Already on GitHub? Sign in to your account

cmd/go: go list has too many (more than zero) side effects #29452

Closed
DisposaBoy opened this issue Dec 29, 2018 · 48 comments
Closed

cmd/go: go list has too many (more than zero) side effects #29452

DisposaBoy opened this issue Dec 29, 2018 · 48 comments

Comments

@DisposaBoy
Copy link

@DisposaBoy DisposaBoy commented Dec 29, 2018

<rant>

This is quite honestly becoming (literally) rage-inducing so I'll keep it short...

Since the introduction of the package cache and modules, go list has gained some (IMO) nasty side-effects like downloading things from the internet and compiling (CGO) packages when all I did was ask it to print the import path of the current package.

Additionally, package querying shouldn't result in updating any files. This coupled with the fact that GOPATH/mod/... is readonly means that if you're in a package inside the mod cache and run go list it might fail because it can't write to go.mod (why is it updating the file?!?!?!).

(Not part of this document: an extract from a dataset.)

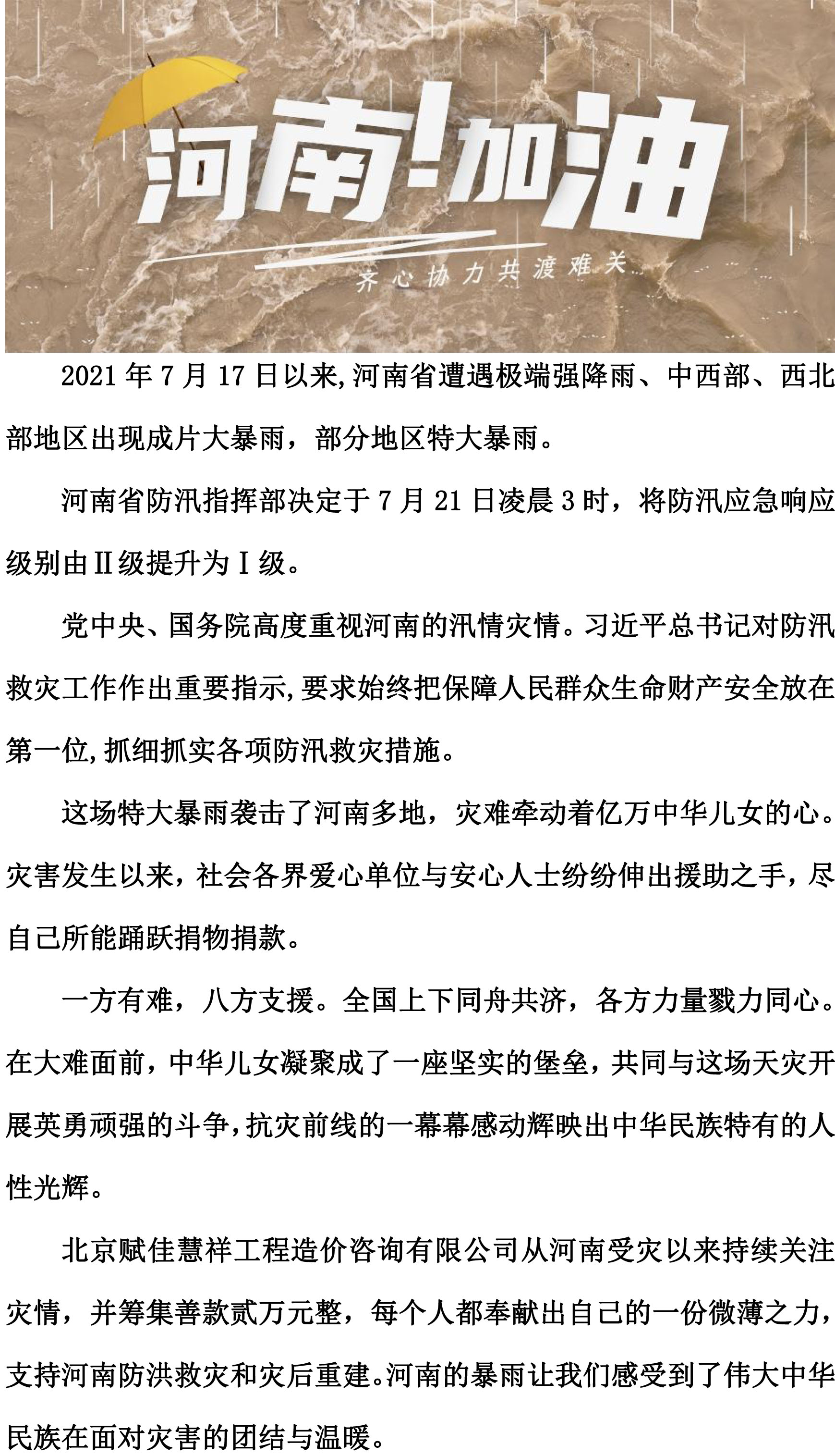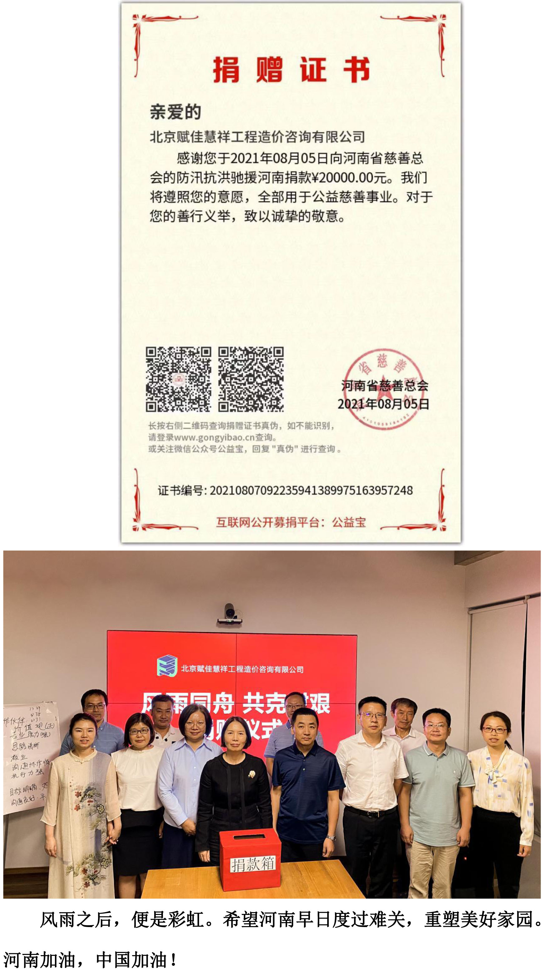 北京赋佳慧祥工程造价咨询有限公司向河南捐款

This script that creates a go.mod file with an extra empty line at the end demonstrates the latter issue:

$ bash -c 'cd $(mktemp -d) && echo "package app" > app.go && echo -e "module app\n" > go.mod; go list -mod=readonly'
go: updates to go.mod needed, disabled by -mod=readonly

To make matters worse, go/build suddenly started calling go list so a simple operation like .Import(...FindOnly) that used to take no more than a couple milliseconds, now takes several seconds for no good reason... all because the go tool decided it was going download things from the internet, compile things and god knows what else... all manner of surprises I didn't ask for.

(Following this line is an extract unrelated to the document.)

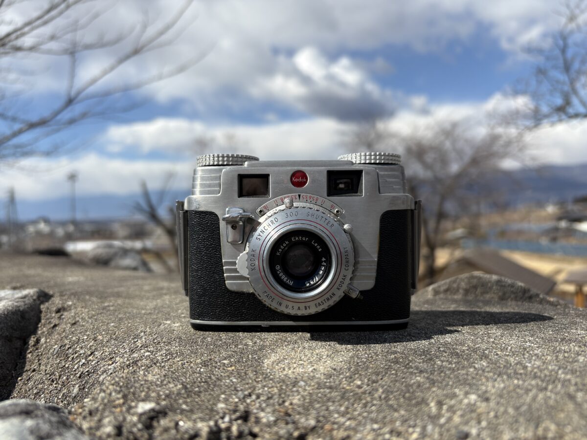 「コダックシグネット35」1950年代のアメリカを感じさせるカメラで、どことなくミッキーマウスに似ている気がします。

Usually I'd just code my way around it with the power of NIH, but the behavior of go/build and package lookups and querying in general is un(der)-documented and I don't want to have to keep track of whatever new magic it mightwill gain in the future.

I doubt any of this is ever going to be fixed, so it'd be nice if these things were documented so I could answer questions like "given an import path, how do I go about finding it in GOPATH, vendor, module cache, build cache, etc.?" without having to rely on some broken black box.

@ALTree
Copy link
Member

@ALTree ALTree commented Dec 29, 2018

Thanks for the report.

At least some of the slowness you are observing may be imputable to outstanding go list bugs (see for example #29427 (comment)).

cc @heschik

@ALTree ALTree added this to the Go1.13 milestone Dec 29, 2018
@myitcv
Copy link
Member

@myitcv myitcv commented Dec 29, 2018

@DisposaBoy (in a modules world) you need to move to use go/packages. go/packages replaces go/build.

cc @matloob / @ianthehat - perhaps we should add some (temporary) documentation to go/packages to explain how it is a replacement for go/build et al?

@myitcv
Copy link
Member

@myitcv myitcv commented Dec 29, 2018

cc @bcmills - should we also add an advisory to go/build in Go 1.12 pointing (temporarily) to go/packages?

@DisposaBoy
Copy link
Author

@DisposaBoy DisposaBoy commented Dec 29, 2018

@myitcv I don't see how go/packages solve any of these issues. Last time I looked at it (a couple weeks ago) it still takes ~200ms to answer the same simple query in GOPATH mode and correct me if I'm wrong, but it also calls go list which means it doesn't solve any of the issues I mentioned.

@myitcv
Copy link
Member

@myitcv myitcv commented Dec 29, 2018

@DisposaBoy previously, multiple calls to go/build were effectively zero-cost. In the new world, these are replaced by a single call to go/packages.Load.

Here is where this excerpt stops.